What Happens When Our Students Read, and What Can We Do About It?

[As published in Reading Empirical Research Studies: The Rhetoric of Research, ed. John R. Hayes, Richard E. Young, Michele L. Matchett, Maggie McCaffrey, Cynthia Cochran, and Thomas Hajduk. 43-73. Hillsdale, New Jersey: Erlbaum, 1992.]


Additional Note by the Author:

In an article about the changes in my own and my colleagues' ideas about reading, teaching and learning over the decade between 1977 and 1987, I said that when you stop being embarrassed by what you used to believe, you've probably died and simply not noticed (Hunt, 1987: 148). So, it's no surprise that much about this study seems misconceived to me now, almost ten years after it was conducted. Most obviously, the ease with which I assumed that I knew what Graham Greene's story was "about" or "did" seems to me a very strikingly questionable assumption. Almost equally important is what I now see as my underestimation of the power of the reading situation, that is, the way the students and my colleagues understood the social situation central and important parts of the reading process.

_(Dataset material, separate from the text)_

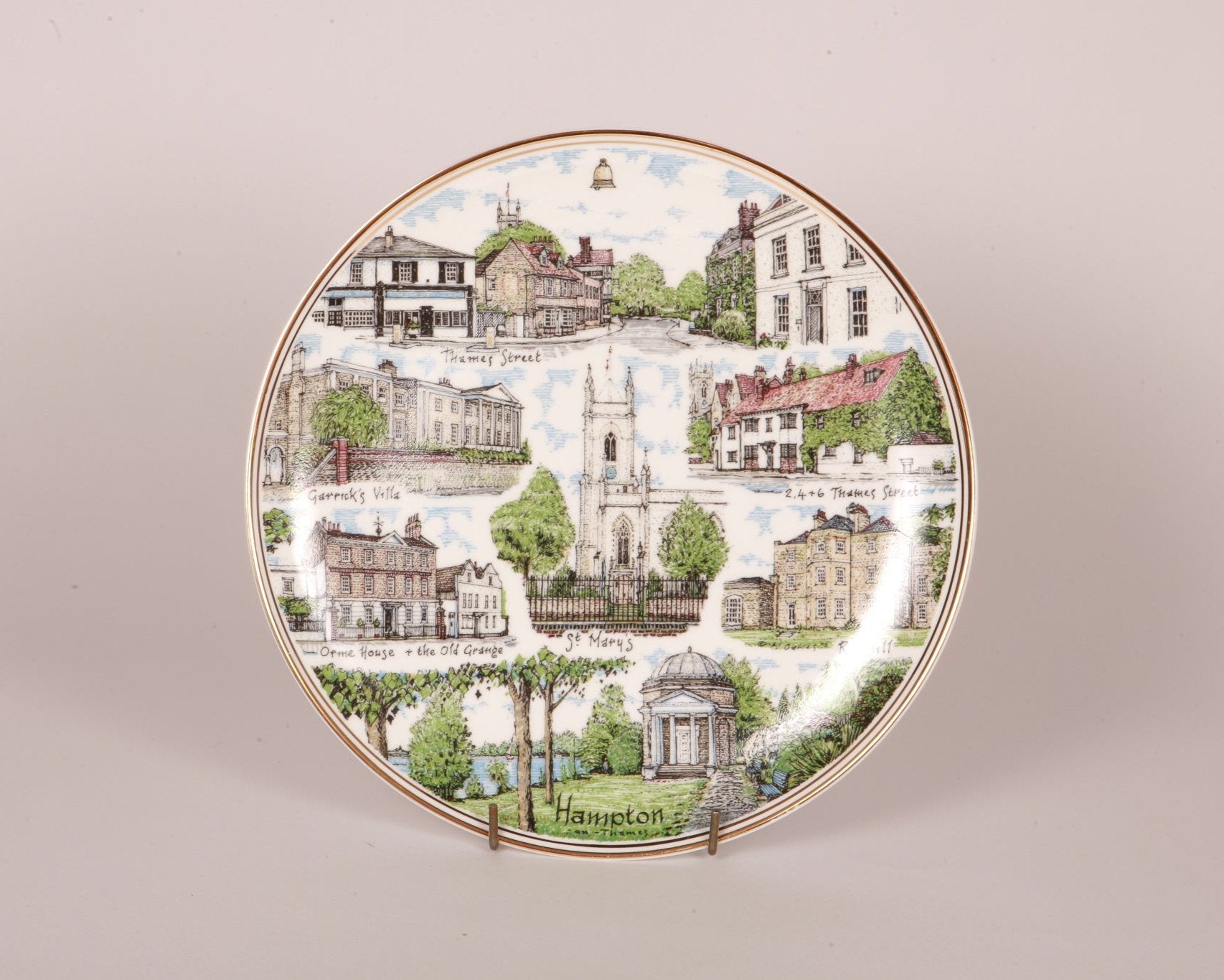 A 10.5" Decorative Fine Bone China plate, illustrated by local artist Michael Oakes and produced in the Staffordshire Potteries by Edwardian China.

On the other hand, there's a good deal about the study which I'm still happy with. More than anything else, I'm still pleased with the way in which it tried to address, directly and perhaps naively, a question which many English teachers, it seemed to me, did not want to address; the question of what really was happening when their students read rich and complicated literary texts. My continuing attempts to address that question have led me (and perhaps some others as well) toward a great deal of learning -- only some of it about what happens when my students read -- that I suspect I might never have come to otherwise.

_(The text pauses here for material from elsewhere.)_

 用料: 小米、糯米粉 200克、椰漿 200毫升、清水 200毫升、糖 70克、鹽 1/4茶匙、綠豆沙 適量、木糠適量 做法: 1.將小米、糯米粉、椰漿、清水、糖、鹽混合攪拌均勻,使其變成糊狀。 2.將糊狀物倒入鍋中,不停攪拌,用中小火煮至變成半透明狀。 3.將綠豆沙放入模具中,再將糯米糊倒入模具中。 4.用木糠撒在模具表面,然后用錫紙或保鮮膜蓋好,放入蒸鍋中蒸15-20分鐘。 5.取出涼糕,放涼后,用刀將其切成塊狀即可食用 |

Another way to describe that basic intention might be to say that the study tries to occupy the territory between research and teaching. I'm no longer so convinced that you can do that this easily, but I continue to think it's worth doing. We need to continue to keep research and theory in touch with practice. That second question -- "and what can we do about it?" -- may have been an arrogant one, but it highlighted the sense I had that I was at least as much a teacher as a researcher, and that my need to know was fueled by an even more immediate need to do.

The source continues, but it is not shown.